# [WHAT TO PRODUCE]
The answer should consist of the records below, repeated exactly, and no pictures.

━━━━━ DATA TO EXAMINE ━━━━━

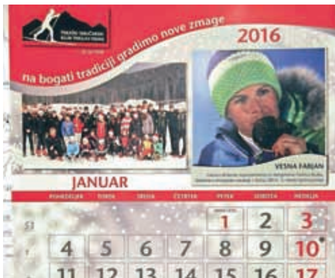
Koledar TSK Triglav za leto 2016: vsak mesec ima svoje junake in zanimivosti iz zgodovine.
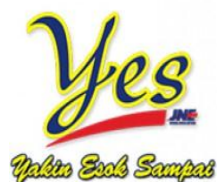
Gambar 3.6 Yakin Esok Sampai (YES)
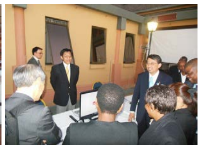
日本企業展示ブース

また、続く 7 月 30 日、31 日にはボツワナと日本との第 1 回共同作業部会が開催されました。
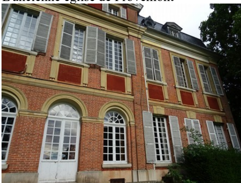
Le château voisin de Provemont

━━━━━

# [RESULT]
Koledar TSK Triglav za leto 2016: vsak mesec ima svoje junake in zanimivosti iz zgodovine.
Gambar 3.6 Yakin Esok Sampai (YES)
日本企業展示ブース

また、続く 7 月 30 日、31 日にはボツワナと日本との第 1 回共同作業部会が開催されました。
Le château voisin de Provemont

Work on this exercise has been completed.